Una Chiesa che ha sempre inculcato negli Aquilani una sorta di timore reverenziale: appena entravi dentro, restavi subito colpito dal fatto che fosse scura, buia al confronto del Duomo, della Basilica. E in qualche senso, anche se è stata riaperta alla cittadinanza (ma sempre a gruppi limitati di persone), buia ci è rimasta: con quel cartongesso a separare la parte in cui si è celebrata la messa, e la parte dietro l’altare. Al buio, lì dove ci sono i resti della cupola caduta, di quella cupola che è diventata una delle immagini del terremoto aquilano. Quella cupola del Vanvitelli che si è sgretolata ad ogni colpo della terra, e che ora vede sul suo timpano, incrinato e pericolante, un ombrello ipertecnologico che impedisce all’acqua e alla neve di fare breccia all’interno dell’edificio. “È bello far tornare a suonare la campana su questa piazza”, dice l’Arcivescovo, poco dopo le 18. “E’ un segno di riscossa della città”. Chissà se una campana possa essere davvero l’inizio della riscossa. Fatto sta che alla celebrazione della prima Messa in questa Chiesa erano presenti tutti, o quasi: politici, fedeli, autorità. Quasi: perché c’era grande attesa per la presenza, annunciata, di Guido Bertolaso, o di quella, non annunciata ma nell’aria, di Silvio Berlusconi. Né l’uno né l’altro, con le persone, fuori dalla Chiesa davanti ad uno schermo gigante, a domandarsi dove fosse il capo della protezione civile, dato che comunque era all’Aquila, alla consegna dei MAP a Sassa.

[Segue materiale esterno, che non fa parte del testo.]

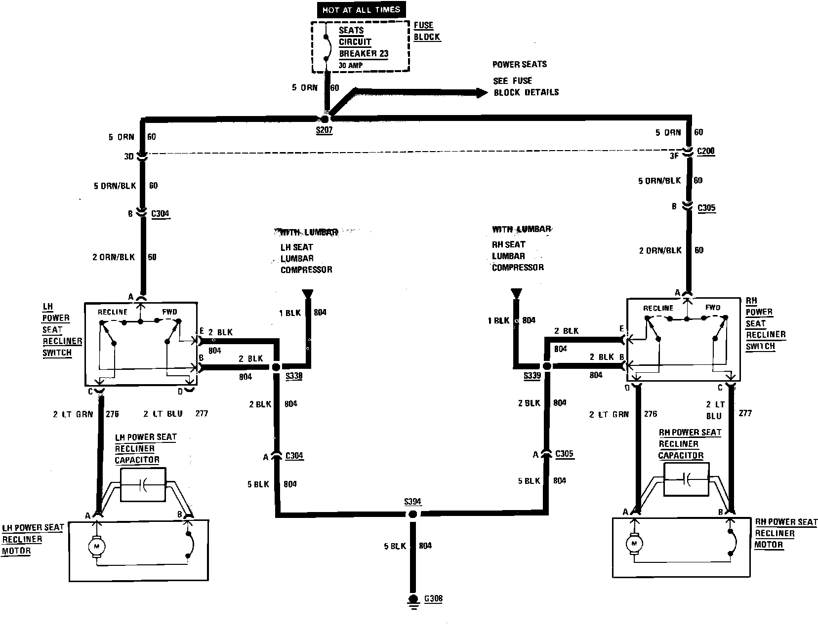 Reclining Seats Wiring Circuit:
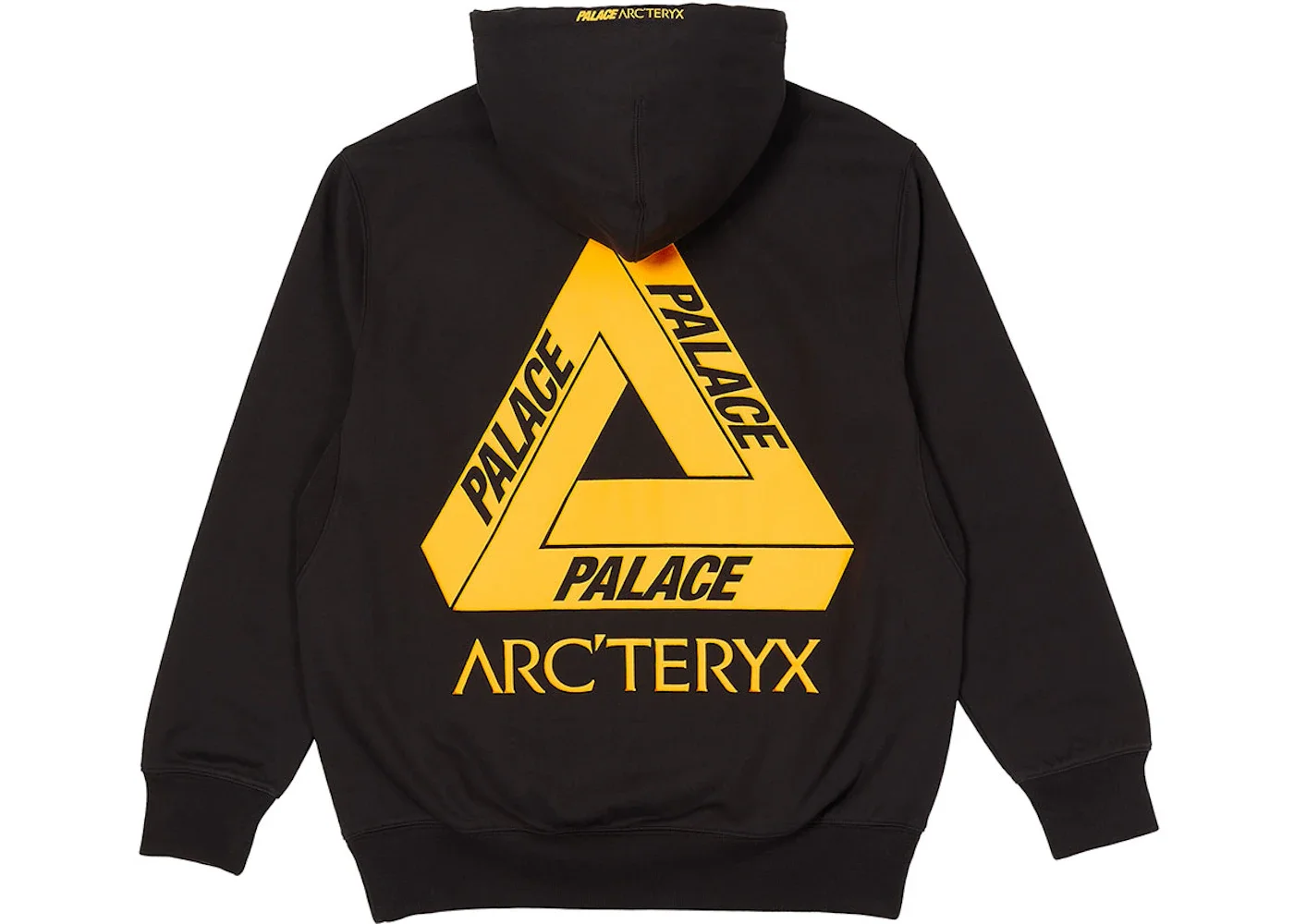 The Palace Arc'Teryx Hood Black is an outerwear garment resulting from a collaboration between Palace and Arc'Teryx. Available in black with yellow branding details, this hoodie is crafted from cotton. Branding details include Arc'Teryx’s Archaeopteryx skeleton logo at the front and the signature Penrose Triangle at the back, with the word "PALACE" on each of its sides and "ARC'TERYX" just below it to highlight the collaboration. "PALACE ARC'TERYX" branding is also featured on the front part of the hood. Ribbed finishes on the hem and cuffs and a kangaroo pouch pocket round out the design. The Palace Arc'Teryx Hood Black was released on December 11th, 2020, retailing at $168. - Season FW20 - Color Black - Release Date 2020-12-11 - Retail Price 168 - Featured false
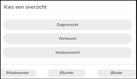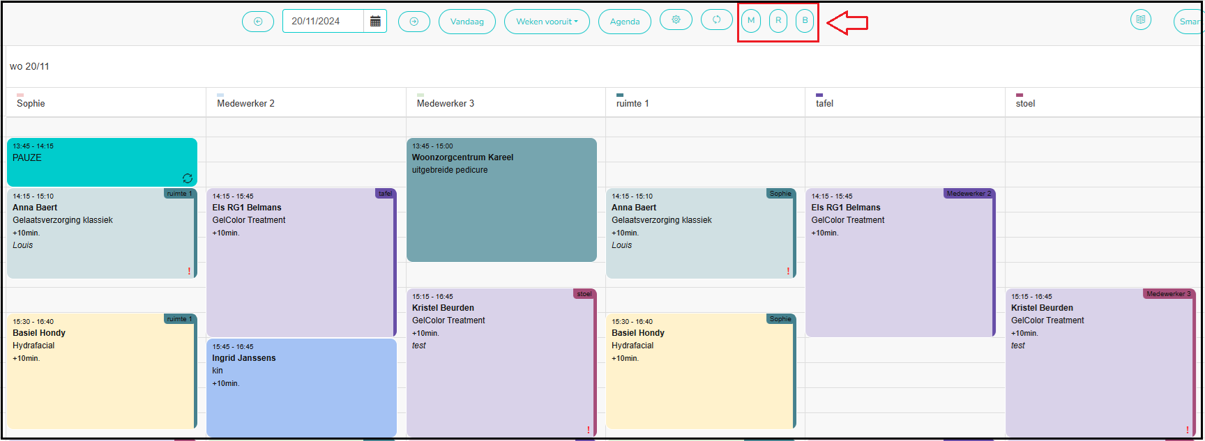 1. Je filter staat ingesteld om zoal medewerkers als ruimtes (B = beide) in agenda te zien.

“Impegni improvvisi lo hanno costretto a tornare a Roma”, spiega il dirigente della protezione civile Michele Castaldo, responsabile della segreteria di Bertolaso.
Che ad una Chiesa, ferita nel cuore ma viva, ha preferito quella solitaria e ancora da terminare, nella sua struttura di lamiera e ferro, di Piazza d’Armi.